Jewelry workers, 1920.
A Labor Day post.
It can be difficult to take the necessary wrenching steps to prepare for the future, but looking back at the past may help us to see how important these steps are. The graphic below depicts how occupational employment has changed in America since 1920. Students entering the workforce today face a dramatically different landscape of jobs than their parents did in the 1980s or their grandparents in the 1950s. And the work world that their great-grandparents entered in the 1920s is almost unrecognizable.
Back then, about 25 percent of jobs were in agriculture and 40 percent were in manufacturing and other blue collar fields. Today, fewer than one percent of jobs are agricultural and only about 20 percent are blue collar.
In the 1920s, only about 5 percent of workers held professional jobs. This has exploded over the last 90 years and today about 35 percent of workers have professional jobs. Rapidly advancing technology has not only automated and eliminated many jobs that once provided manufacturing, blue collar, and agricultural employment for millions of Americans, but it has also increased demand for professionals who create, manage, and explain this technology, many of them working in occupations that were unimaginable 90 years ago.
From: StatChat, University of Virginia.
Looking back a few years earlier, to 1915, reveals this interesting information:
Labor force participation. The 1915 annual average civilian labor force participation rate is estimated at 56.3 percent. This percentage isn’t strictly comparable to the 2015 annual average of 62.7 percent, because of differences in survey coverage and definitions.17 However, despite the similarity in overall labor force participation, the participation rates of men and women were very different from each other 100 years ago. The 1920 census shows that, among people ages 14 and older, the proportion of the population that was in the total labor force was 85 percent for men and 23 percent for women in January of that year. (Civilian labor force data by gender are not available for 1915.) In contrast, the Current Population Survey shows a 2015 annual average civilian labor force participation rate for people ages 16 and older of about 69 percent for men and nearly 57 percent for women. Table 1 points out that young boys were much more likely to be in the labor force in 1920 than now. Not surprisingly, women of all ages are much more likely to be in the labor force now than in 1920. Half of all boys ages 14 to 19 were in the labor force in 1920; nowadays, about one-third of boys age 16 to 19 are in the labor force. Labor force participation among girls those ages hasn’t shown as much change.
From: Bureau of Labor Statistics. And also from the BLS, this interesting statistic which we've discussed as a topic here before.

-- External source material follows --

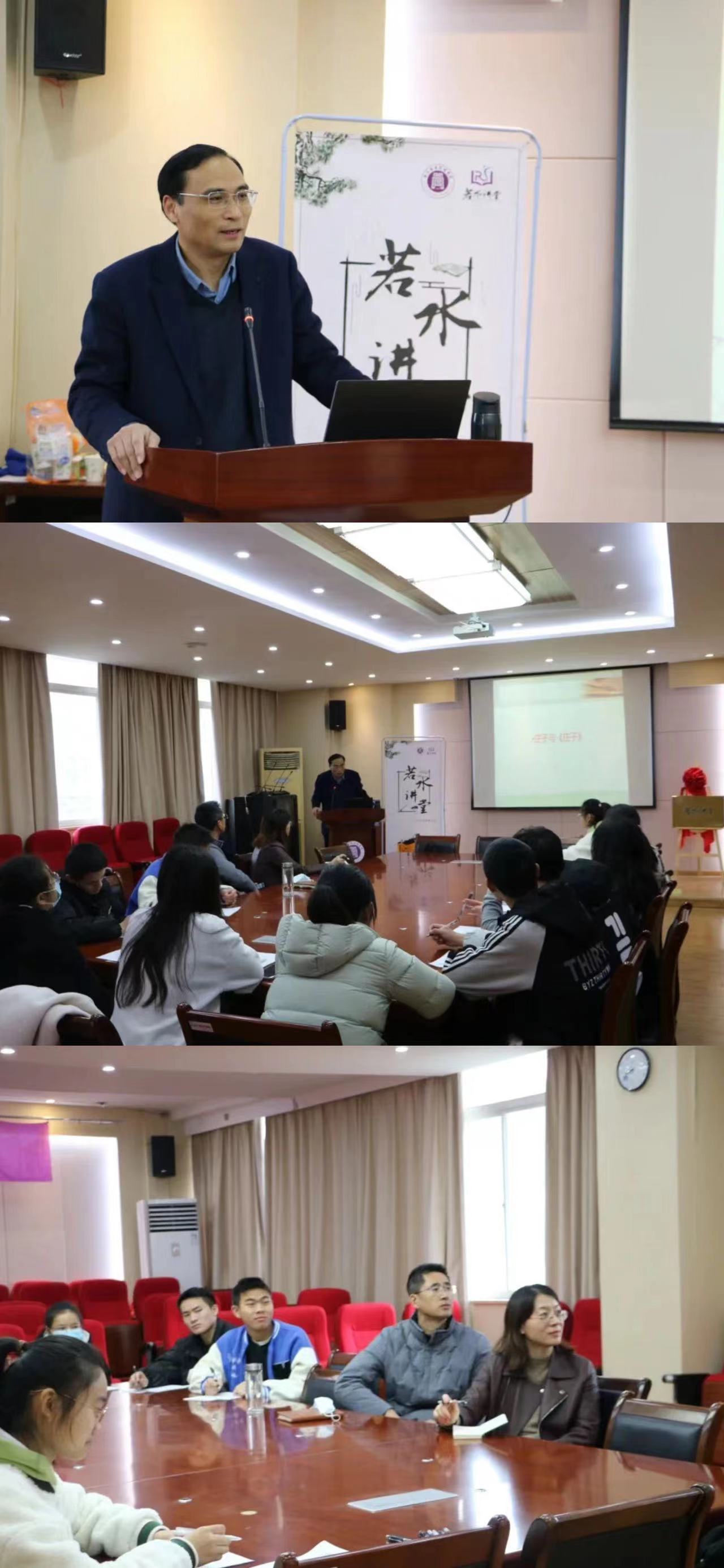 上善若水,厚德载物。为进一步丰富同学们对传统文化的认知,帮助同学们领悟庄子思想,williamhill于12月7日14:30在B11-414开展了“若水讲堂”第五讲,本次的主讲嘉宾为williamhill威廉希尔教务处副处长、williamhill威廉希尔中医国学研究所所长王明强教授。出席本次活动的有公司党委副书记、副经理蒋燕老师,工会主席孙文若老师、学工办辅导员左桂老师以及线上线下80余名同学。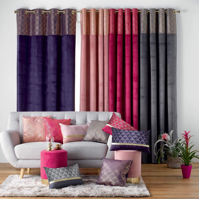 Rideau À Oeillets 140 X 240 Cm - Velours - Top Imprimé Or concernant Rideau Velours Rose

Education. A century ago, most jobs required little formal schooling, and most of the population had not gone beyond elementary or grammar school. In fact, high school graduates were a rarity: in 1915, only an estimated 18 percent of the population ages 25 and older had completed high school, and only about 14 percent of people ages 14–17 were in high school. Royal Meeker, appointed Commissioner of Labor Statistics by President Woodrow Wilson in 1913, had recently written a New York Times article advocating compulsory public education through the intermediate grades. He noted, “Boys and girls drop out of school at all stages of the educational process, but fail to drop smoothly into any part of our economic system.”18 While failure to graduate remains a concern, more than 86 percent of the U.S. population age 25 in 2010–14 had completed high school or more. The average length of the public school term was about 160 days a century ago, compared with 180 days now, and the average number of days attended in 1915 was only 121.19 Many young girls and boys worked instead of being enrolled in school. In fact, New York City’s State Factory Investigating Commission in 1914 reported that “nearly 75 percent of factory women studied had left school before the eighth grade, as had nearly 40 percent of the female store employees interviewed.”20 The legal age for leaving school was generally 14, compared with 16–18 today.
And this interesting set of figures, related to the "everything was cheaper back then" claim that people so often hear:
Of course, most prices of food in 1915 were much different from those in 2015, and several staple items are substantially more affordable today. Here are some examples of 1915 and 2015 prices (using data from the U.S. Census Bureau and the U.S. Bureau of Labor Statistics):
Interestingly, in that chart, the only thing that's really climbed in adjustered prices is the price of potatoes, which is nearly double the current (or the 2015) prices. The only thing that has near parity with its century old price is bread.